Castilian Left and the other parties are categorized as part of a major political movement known as Castilian nationalism. It defends the traditions and values from the rebels of the Castilian War of the Communities, so they call themselves "comuneros". As a group of Castilian nationalists, they also seek to unify the other Spanish Autonomous Communities of Cantabria, Castile y Leon, Castile-La Mancha, La Rioja, and Madrid. Izquierda Castellana constituted a definitive movement in Madrid by the year 2002, as a section of Izquierda Comunera, which also included the organizations Unidad Popular Castellana, YESCA (formerly known as Juventudes Castellanas Revolucionarias), Mujeres Castellanas and the Círculo Castellano de Toledo. The Communist Party of the Castilian People (a section of the Communist Party of the Peoples of Spain in the autonomous region of Castilla y León) joined on as part of Izquierda Castellana, but later left the organization.

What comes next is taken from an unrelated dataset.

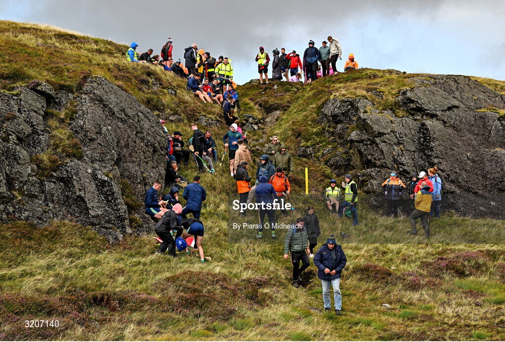 4 August 2025; Competitors and spectators stop for food during the Senior Hurling competition during the M. Donnelly GAA Poc Fada All-Ireland Finals at Annaverna Mountain in the Cooley Peninsula, Ravensdale, Louth. Photo by Piaras Ó Mídheach/Sportsfile

Izquierda Castellana also supports various nationalist movements around the world, such as those in the Basque Country, Palestine or Ireland, emphasizing a democratic perspective and the sovereignty of the working class.

==Ideology==

The goal of Izquierda Castellana is the attainment of what they call a united Castile, overcoming the current division of the Castilian "nation" between five autonomous regions (Cantabria, Castile and León, Madrid, La Rioja and Castile-La Mancha) and a comarca (Requena-Utiel in the Valencian Community). It emphasizes socialism, sovereignty and republicanism, principles it reaffirms each year on April 23, in a special ceremony in the municipality of Villalar de los Comuneros. This day is celebrated by Castilian nationalist organizations such as Izquierda Castellana and Tierra Comunera as the National Day of Castile, but officially it is the festivity of the autonomous region of Castile and León.

==Tierra Comunera==

A Castilian nationalist political party that seeks the defense of the rights and freedoms of the Castilian people, the constant exercise of their decision-making capacity, the progressive transformation of their society in order to achieve freedom and the preservation of their historical heritage, as the most valuable legacy to pass on to future generations. It currently does not assume a social, economic, and cultural role that defines Castile. It holds great value towards many aspects of the human nature, which includes cultural and environmental ideals, its production of raw materials of high quality, and most importantly, the existence of a political power at the service of its citizens, should allow the Castilian people build a society more prosperous and developed, that satisfaction appropriate to the needs of the people. As an organization that is fully committed to unify the Castilians amongst themselves and the rest of Spain, Tierra Comunera is responsible for multiple organized experiences that are developed by the people giving them continuity and gathering the best thing of all of them to plan a way that incorporates the illusion of all the persons and sectors that believe for a possible and united Castile.

==Yesca==

A Castilian youth organization that specialized in combat action that creates struggles by the Revolutionary Youth of their land: Castilla. Yesca arose from the militant representation that during the decade of the 90s and the early years of the new millennium that was carried out by the Revolutionary Youth Castilian. It was not simply a change of name but the natural evolution of the project after years of struggles and experiences of another step in the construction of a real Spanish organization qualified to give answers to the problems that they suffer as young. Yesca is committed to bring together people that want to real changes in society, fighting from the framework of the construction of Castile between everyone. It is something that traditionally ignite the spark; the symbolic name presents to us as what we aspire to be and a catalytic tool of ideas and actions that will lead us to kindle the flame of the social revolution, gender and national they need.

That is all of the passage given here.